2) As I looked over the Abu Ghraib pictures, I was brought back some of the optimisitic claims Ritchin
makes at the beginning of Of Healing and Peace, where he implies that we are at the end of
America's involvement in Iraq, [with] the potential end to a decade of conflict in Afghanistan.
Looking at these pictures and thinking about our continued military presence in both countries,
Richtin's naivete was highlighted but also my own complaisant complicity.
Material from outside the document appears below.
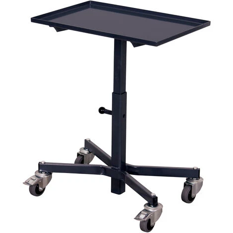 Materialständer, elektrisch ableitfähig (ESD-Bereifung) mit höhenverstellbarer Ladefläche.
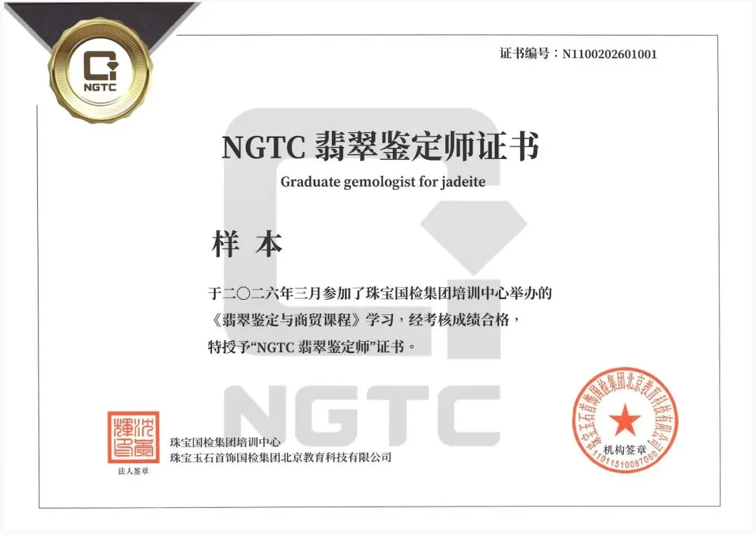 参加课程的学员, 经考核成绩合格(大于或等于60分),可获得珠宝国检集团培训中心颁发的 “NGTC翡翠鉴定师”证书。

In the 2000's, there was a very lucid, defined anti-war message that can be evoked by recalling some
popular slogans: no blood for oil, clinton lied, nobody died, buck fush. We, as a collective
public, had an administration to blame, and when the Abu Ghraib photos came out, we could shift the
horror and the responsobility for the horror onto that administration, as well. Ten years and one new
democratic President later, that anti-war movement/moment/ethos has more or less dissipated, replaced
with an unconcerned or confused attitude of I'm not sure what we're doing 'over there.'
How can looking at photographs of old atrocities help rekindle our sense of horror at what happened
and what continues to happen in the war-torn regions the US is responsible for dismantling? Can
photographs that have already been digested by a public be brought to the forefront not as a footnote
to some present day issue, but rather as an independently valuable way of confronting our own
continued (though less decried) atrocities? Can the past shake the present's habitual complaisance?